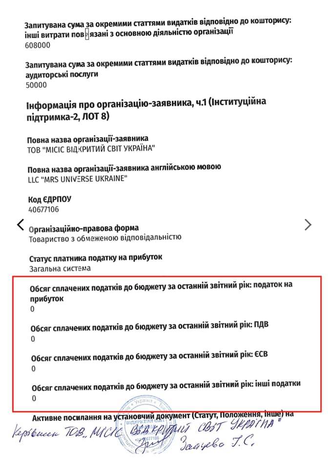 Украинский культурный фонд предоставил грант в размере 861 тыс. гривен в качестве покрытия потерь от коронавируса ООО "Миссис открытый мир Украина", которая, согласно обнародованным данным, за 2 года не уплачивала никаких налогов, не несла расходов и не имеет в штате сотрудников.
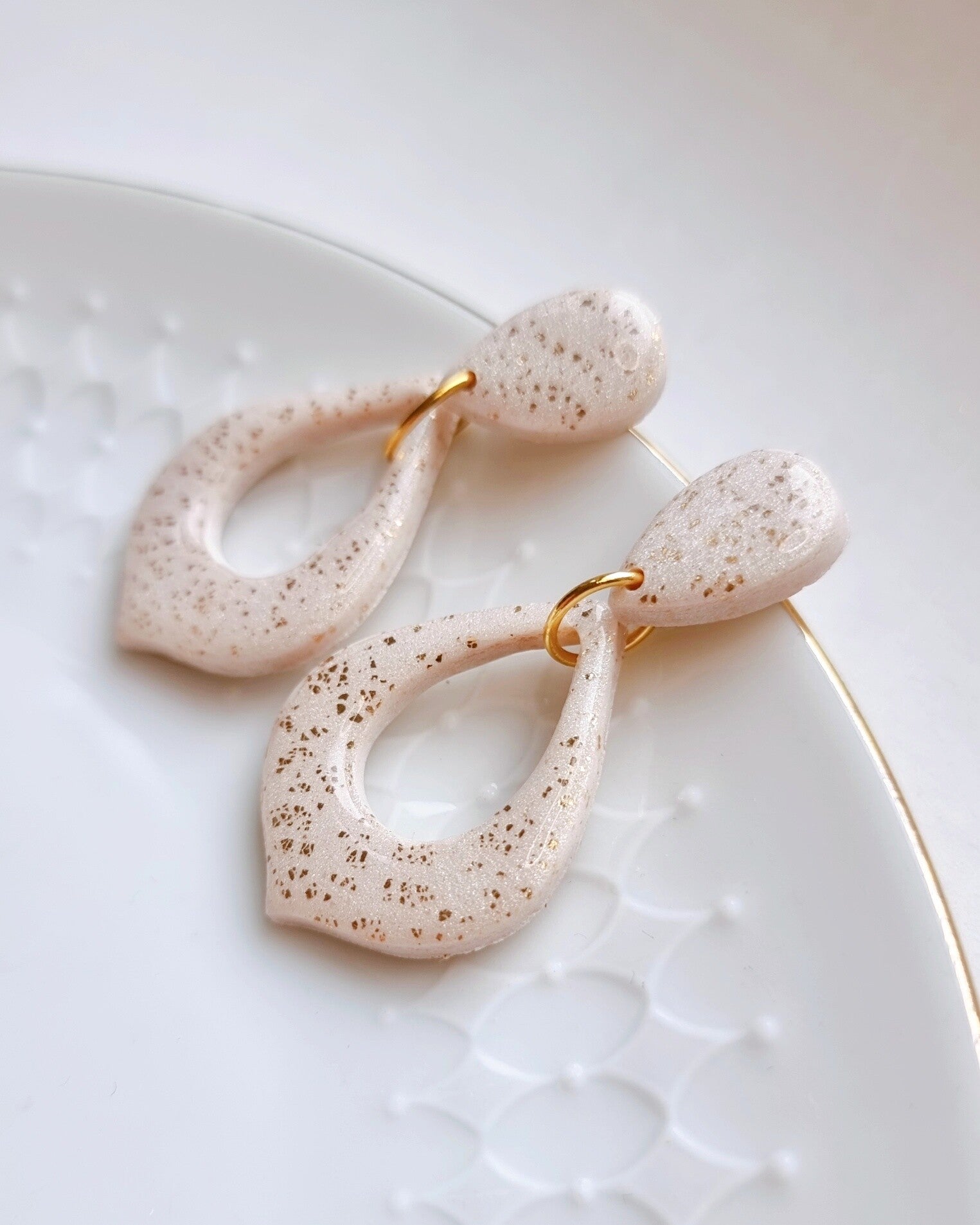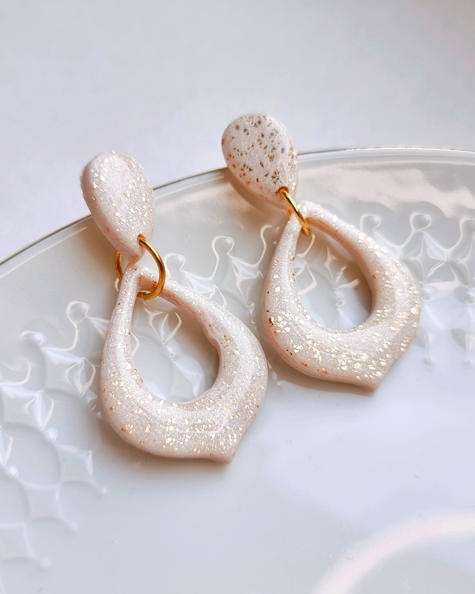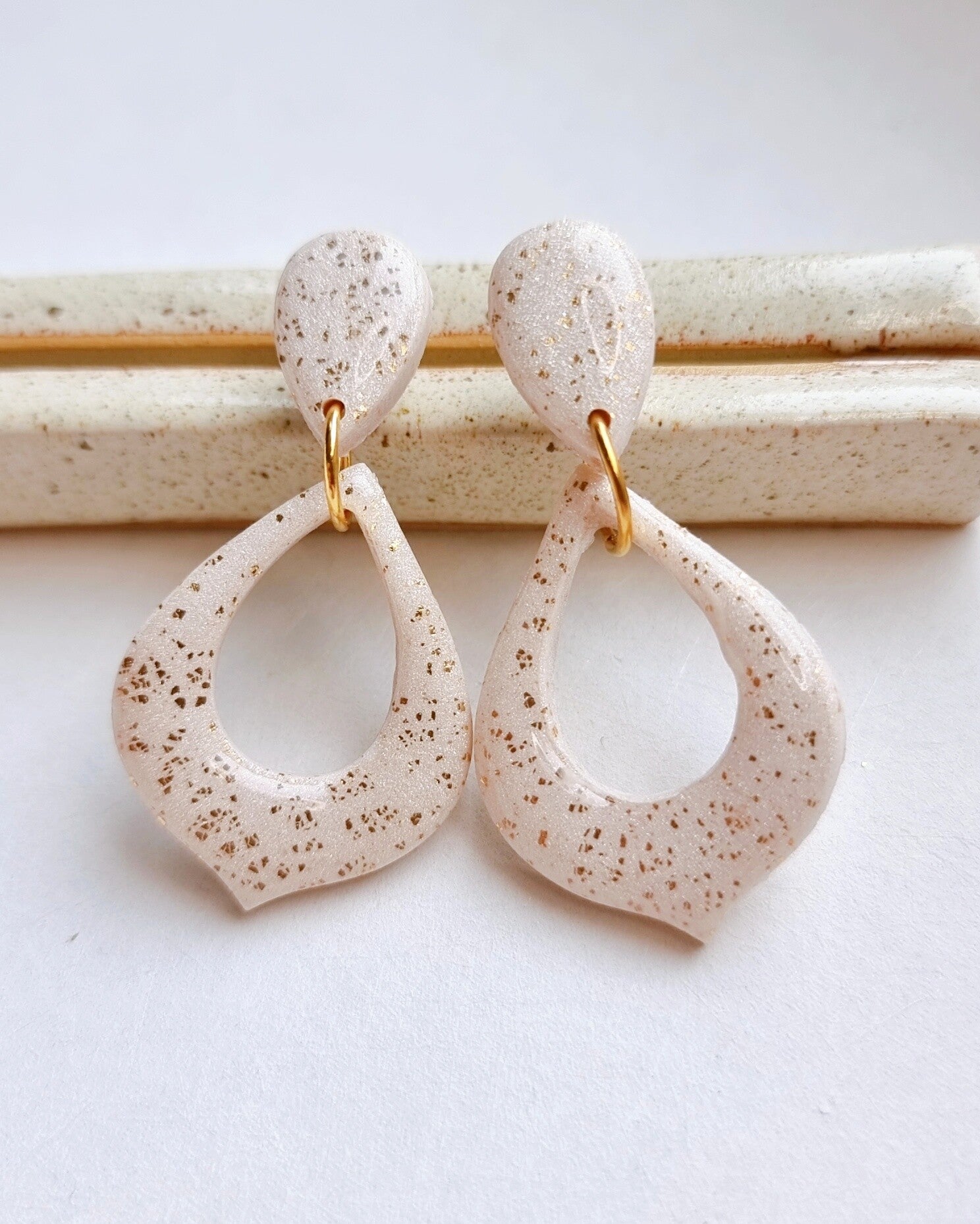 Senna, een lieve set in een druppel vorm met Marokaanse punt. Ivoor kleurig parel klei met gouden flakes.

---

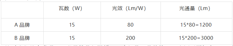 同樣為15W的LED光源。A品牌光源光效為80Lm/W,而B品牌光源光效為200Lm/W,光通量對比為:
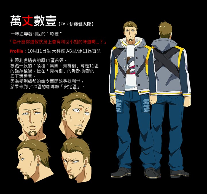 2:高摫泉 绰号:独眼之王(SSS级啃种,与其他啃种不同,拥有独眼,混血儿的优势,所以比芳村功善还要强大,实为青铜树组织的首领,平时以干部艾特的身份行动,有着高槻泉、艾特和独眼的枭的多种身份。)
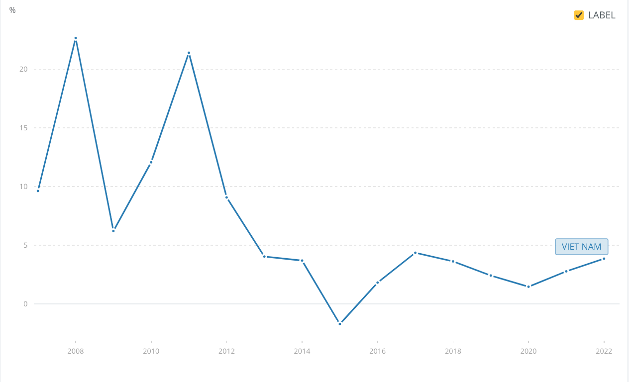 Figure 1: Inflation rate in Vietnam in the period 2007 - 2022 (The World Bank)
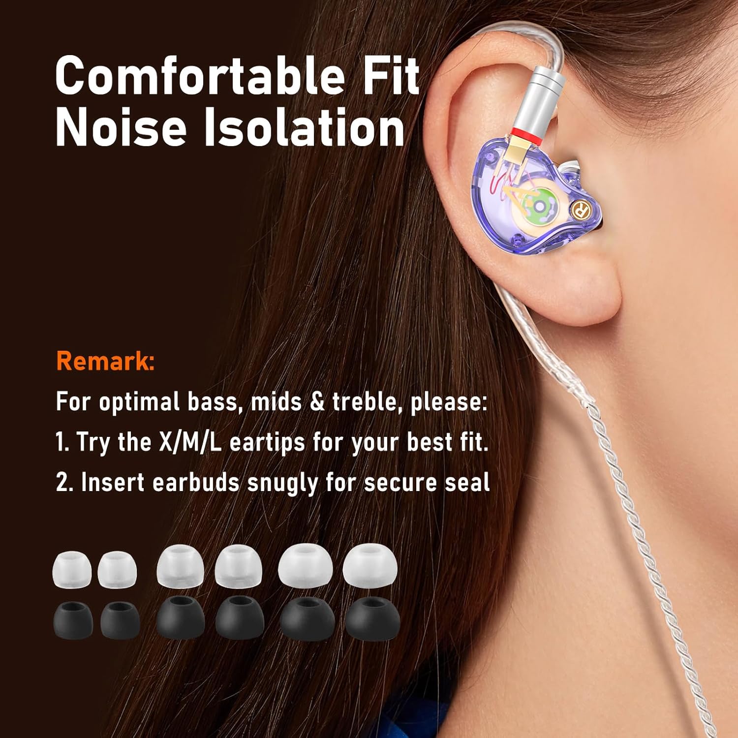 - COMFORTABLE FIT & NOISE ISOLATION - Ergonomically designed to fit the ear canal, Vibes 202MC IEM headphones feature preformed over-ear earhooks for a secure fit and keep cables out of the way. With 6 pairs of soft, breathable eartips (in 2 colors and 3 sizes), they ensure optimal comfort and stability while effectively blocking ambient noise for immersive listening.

==

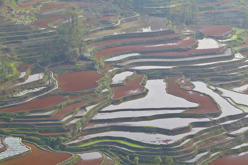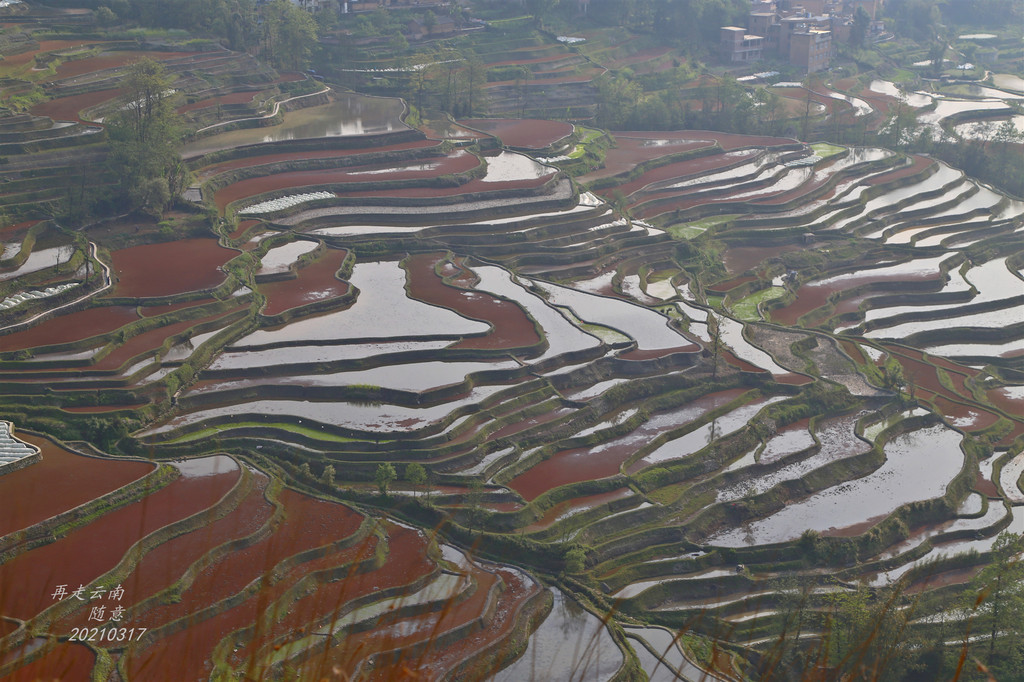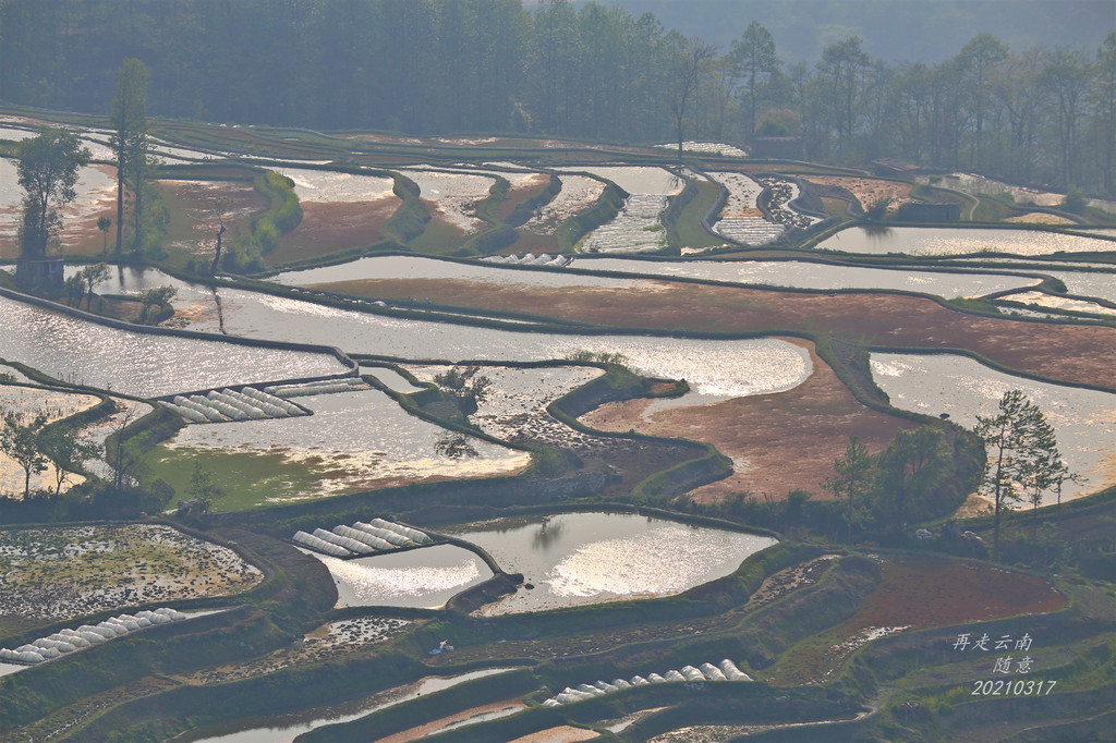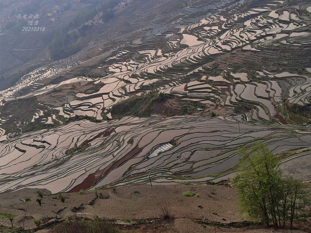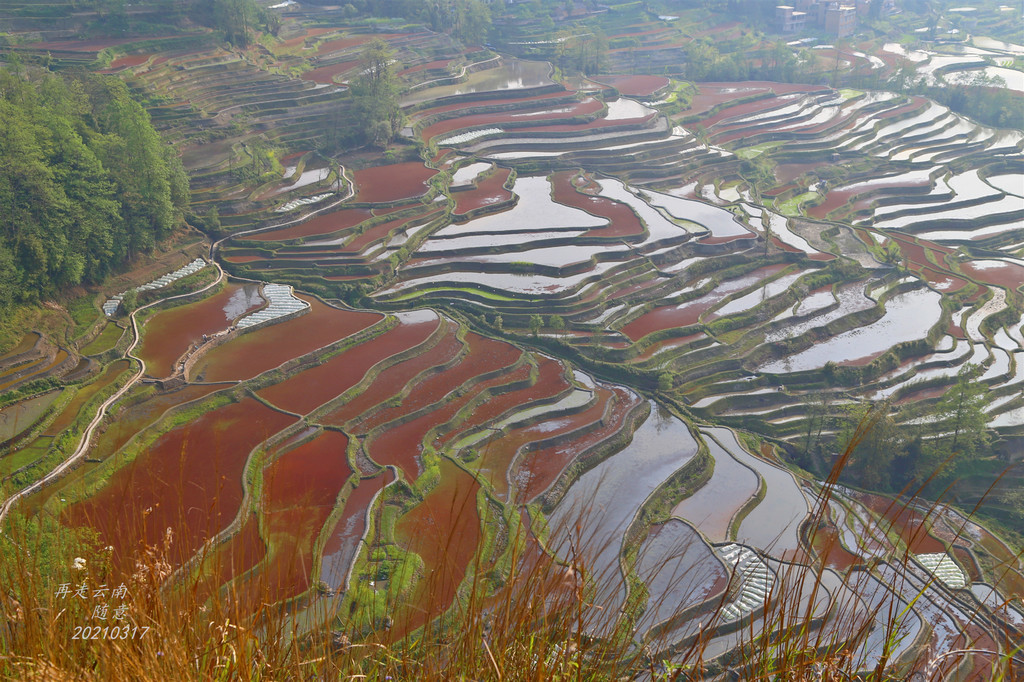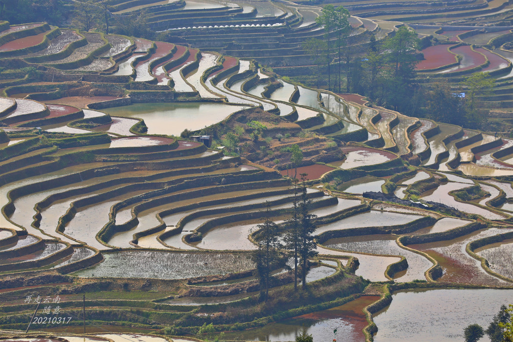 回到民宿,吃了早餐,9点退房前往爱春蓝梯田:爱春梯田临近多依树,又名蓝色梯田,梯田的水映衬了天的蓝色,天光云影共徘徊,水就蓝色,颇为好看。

> _EXERCISE AIM_: In the entries above, which lines run from the one with "Украинский культурный фонд" up to and including the one with "Senna, een lieve"? Write them out exactly, without the pictures.

> _RESULT OF THIS TASK_:
 Украинский культурный фонд предоставил грант в размере 861 тыс. гривен в качестве покрытия потерь от коронавируса ООО "Миссис открытый мир Украина", которая, согласно обнародованным данным, за 2 года не уплачивала никаких налогов, не несла расходов и не имеет в штате сотрудников.
 Senna, een lieve set in een druppel vorm met Marokaanse punt. Ivoor kleurig parel klei met gouden flakes.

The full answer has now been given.